Tableau part 1- Tari, Araz

Tableau Public

Furthering the data exploration process, Tari and Araz created Tableau visualizations to ascertain which features showed a strong correlation with a listing's price. The items seen to show an impact on price were logged and then used to train the machine learning models, referenced below.

Machine Learning part 1 - Veohnti, Milton

initial_machine_learning_attempt.ipynb

Using the features deemed relevant from Tableau, Veohnti and Milton trained both Ridge and SVR maching learning models. Unfortunately, however, the models returned dismal accuracy scores. While these models were ultimately unusable, we learned two things from the process: 1. Our feature selection was narrow and limited to our presupposed notion of what would impact price. With such an expansive dataset, it was important for us to explore the possibility of seemingly inconsequential features affecting price. 2. The visualizations we created were only showing the correlation between price and a given feature. What they didn't tell us were the weights each feature had on price affect. This is to say, we could conclude which features were affecting price, but not which were affecting price the most.

Machine Learning part 2 - Leo

xgboost_airbnb_ny.ipynb

To correct our approach, XGBoost was employed to gain the weights of each feature and more accurately train a model. Once done, the XGBoost model presented a 70% accuracy score, a far better result than the preceeding regression models.

Tableau part 2 - Tari, Araz

Tableau Public 1 2

Seeing the new weights and relevant features, Tari and Araz once again applied Tableau to the data and reconfirmed the relations of features to median price. The visuals show why or why not a feature had a relation to a given listing's price.

Machine Learning part 3 - Veohnti, Milton

neural_net_models.ipynb

To ensure that a 70% accuracy score was the most accurate model we could apply, Veohnti and Milton experimented with Neural Net Modeling.

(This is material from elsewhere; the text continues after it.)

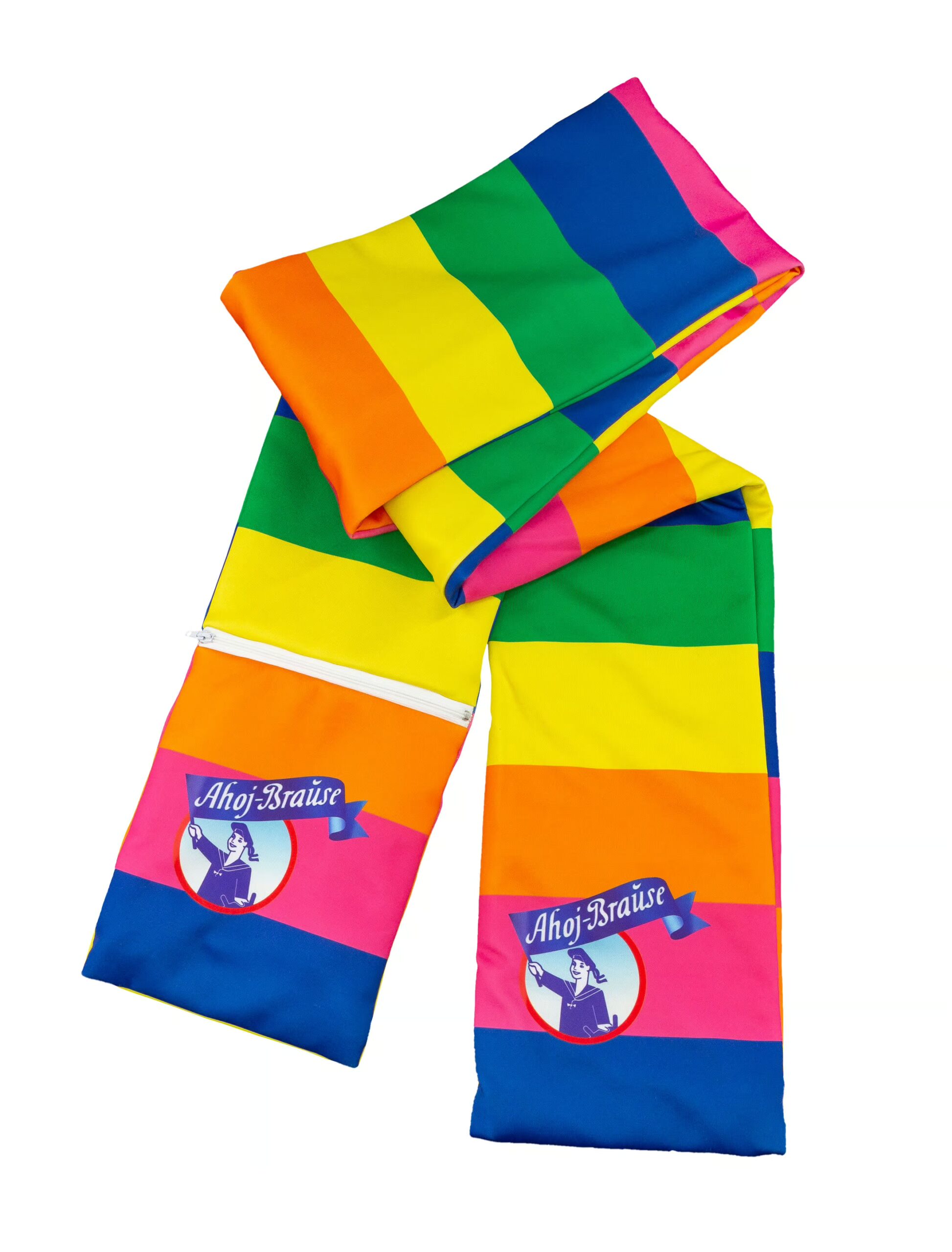 Wir haben ihn: den Original Ahoj-Brause Schal! Ein Blickfang für alle Junggebliebenen und Retro-Fans! Dieser bunt gestreifte Schal wärmt den Hals in der kalten fünften Jahreszeit. Mit einem Reißverschlussfach ausgestattet bietet er sogar Platz für alle persönlichen Dinge, wie Smartphone, Schminke oder Schlüssel. Der Regenbogen Ahoj-Brause Schal ist an beiden Enden mit dem charakteristischen Matrosen-Logo bedruckt. Der Schal darf zu Deinem Ahoj-Brause Kostüm nicht fehlen und garantiert eine prickelnde (Retro)-Party! Exklusiv bei uns. Offizielles Merchandise!

Using multiple layers and an SGD Optimizer, several accuracy tests were performed. The end results showed scores just shy of that of the XGBoost model.

Predict Prices - Justin

user_input.ipynb

Working with the cleaned data provided by Leo, Jupyter Notebook widgets were imported and used to create an interactive user input form. The input values were set to be live updating and could be pulled for use in a machine learning model prediction formula. After compiling the new input data, a function was defined to first aggregate and zip the data with their respective titles. Next, the data was logged, scaled using the predefined training data, and funneled through the XGBoost predict method. Finally, the output was produced and put through and inverse logarithm function. This resulted in the final predicted price for the user's listing.

How to use:

Run the data through the data cleaning notebook and it will generate a CSV title "listings.csv". Once created, you can run the xgboost_airbnb_ny.ipynb notebook which will automatically pull "listings.csv". This notebook will run further cleaning and transformations to set up the data for machine learning. Then, the notebook will proceed to perform analyses, provide visuals, and create the XGBoost machine learning model. Once completed, this will also export two new CSVs for use in the user_input.ipynb notebook. This notebook will finally create the input form for listing price prediction.